Perhaps echoing Hillary Clinton's plea for compromise and the prevalence of moderate politics in light of possible looming extremist leadership in Congress, Kasparov seems ready to suggest that Americans should react based on fear and compromise their values and interests to avoid a political disaster.

I respect and admire Kasparov guardedly; I like his pro-Democratic values, his willingness to stand up to Vladimir Putin, and also his ability to succeed at chess. I haven't been as fond of a few comments I read by him in the past about the "stability" of certain people he's criticized, and I don't know if I know enough about him to give him a genuine thumbs up. Of course, I hope he is the real deal and not hiding some evil agenda; it is so hard to tell who is for real in our global society today.

In spite of my guarded respect for Kasparov, I don't think his approach is good for the US--my perspective has to do with some economics ideas but I won't dwell on that right now. In particular, as I argued in a previous post on Usenet, there is no such thing as a "fair sacrifice of someone else's resources and/or turf." You might want to vote for Candidate X in spite of his/her willingness to appease evil interests, reacting out of fear to vote for this candidate in spite of serious ethical "compromises" offered by the candidate to get into power. My position is: That is totally fine if there is no better option, but Americans are very delinquent when we fail to use our hard-won free speech abilities to criticize serious moral deficiencies in candidates that we've voted for, loudly. We don't "weaken" our candidates by blasting their outrageous moral failures; instead, this action of vocal criticism challenges our leaders to get out and let someone better lead, improve and change the game so that the "reformed bad guy candidate" has become the best we can get, or lose and be humiliated for evil deeds. "Tolerance of evil" has not been the American way in the past, and it must not "stick" to our political society, on the individual voter level or on a larger scale. Compromise is OK, but not unethical compromise that unfairly hurts others and robs them of their resources.

I assert, loudly, adamantly, and without apology, that it can be moral for an American citizen to support a candidate who has fought for "evil outcomes," based on pragmatism, compromise, secret sadism, or something else, if and only if the American citizen loudly uses free speech to criticize the failure of the candidate.

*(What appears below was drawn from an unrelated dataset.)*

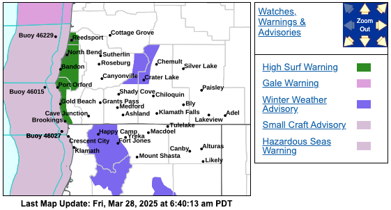 A Winter Weather Advisory remains in place through 11:00 a.m. Friday above 4,500 feet in the High Central Cascades in Douglas, Klamath and Jackson counties.

Any vote for an immoral candidate that is not qualified by "I had to vote for X in spite of Y because ... " is literally very unethical, though not illegal, according to me.

Americans must not fritter away our morality and values, however they may vary from person to person, playing into the hands of evil doers at home and abroad by tolerating evil "compromises" that we know about. Free speech is ours to use; if we refuse to use it when it's important and easy for us (which it always is right now in the USA), we push ourselves off the cliff of democracy into the canyon of national failure and corruption. Do not support candidates who will sacrifice the resources of other people without discussion of the evil deed(s), or you will have "liked" the idea that other citizens will do the exact same thing to you some day; one day, we might all be without many of our rights if this vicious cycle is not stopped. Stand up for your virtuous neighbor that you maybe don't want to socialize with in the long term, or watch as your own remaining neighbors Kitty-Genovese-ify you just as you did it to the good-guy citizen you chose to drop as part of an evil political "compromise" for you and your family and your convenience and comfort.

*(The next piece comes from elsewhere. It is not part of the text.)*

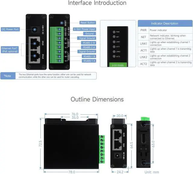 2-Ch RS485 To RJ45 Ethernet Serial Server, Dual Channels RS485 Independent Operation, Dual Ethernet Ports,Rail-Mount Industrial Isolated Serial Module Features At A Glance

Kasparov is probably good, but this is a major point of disagreement for me.. We've got the right to stand up for others with words as Americans; we are very remiss when we don't use it en masse, which should be never.

This post wasn't related to professional life as much, but my point could be applied to your workplace as well as to your neighborhood; my post showcases my values well, I think. If you just let your neighbor or colleague be deleted by a metaphorical predator drone by your Congressman because you don't really prioritize him or her, the obvious point is, you're likely close to being next to meet that fate. That's just logic and economics in action.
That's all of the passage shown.